What you're probably looking for is
awk [-W option] [-F value] [-v var=value] [--] 'program text' [file ...]
so
awk -v MYVAR=nameToSearch -v OTHERVAR=somethingElse -f myAwk.awk file.txt
Is that it? of course order of switches ( -f, -v ) does not matter. Obvously you then need to include MYVAR ( OTHERVAR ) for a variable identifier inside awk program itself.
To pass a variable to awk, you can use the -v command.
For example:
cat file.txt | awk -v p="stringToSearch" '$0 ~ p'
In this command, tou replace stringToSearch with a pattern (please keep the double quote, they are useful for preserving spaces). The awk command $0 ~ p compares the current line to the given pattern.
Another approach is to build the awk command from the shell:
p="stringToSearch"
awk "/$p/" file.txt
You must use double quotes in the command to force expanding $p.

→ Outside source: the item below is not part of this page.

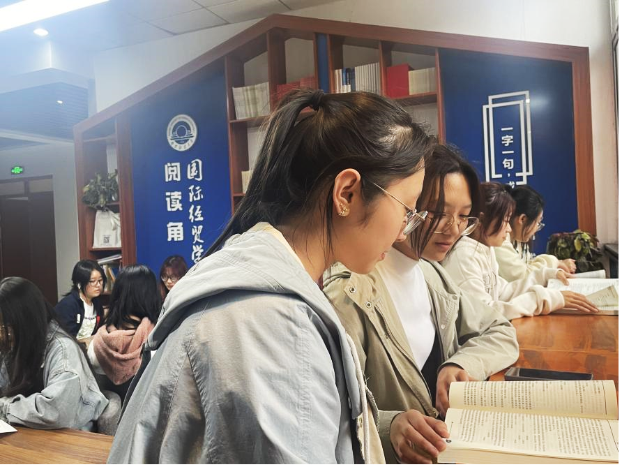 视频播放后,贸经2202杨楠楠同学分享了她印象最深的一个片段——习近平总书记引用明代诗人王阳明在《教条示龙场诸生》中的一句话说到:青年志存高远,就能激发奋进潜力,青春岁月就不会像无舵之舟漂泊不定。正所谓“立志而圣则圣矣,立志而贤则贤矣”。她感慨道:“作为新青年,我们一定要有远大的理想,坚定的信念,成为推动国家与民族前进的动力!”。在熟读精思活动中,同学们共读党的二十大报告,在学习交流中体会习近平总书记“三不负”要求,激励自己只争朝夕,不负韶华,扬起梦想的风帆。

If it's permitted to change the order of arguments, so that we can do this:
awk -f myAwk.awk nameToSearch file.txt
then you can do:
awk 'NR==1 { nameToSearch = $0; next} { ... rest of myAwk.awk here ...}' nameToSearch file.txt
You can of course add the NR==1 {...} block to the beginning of your myAwk.awk file, then continue using:
awk -f myAwk.awk nameToSearch file.txt
The technique Piotr Wadas describes has the same effect:
awk -v nameToSearch=whatever -f myAwk.awk file.txt
and that's what I'd use myself, rather than passing whatever as an additional argument to the script. Passing whatever as an additional argument is what scripters had to do before the -v facilities were added to awk. If writing -v nameToSearch= is too verbose, then I'd wrap the whole thing up in a shell script, and say:
myShellScript whatever file.txt
But you asked how to do it by passing whatever as an additional argument to the awk script, so that's what I demonstrated.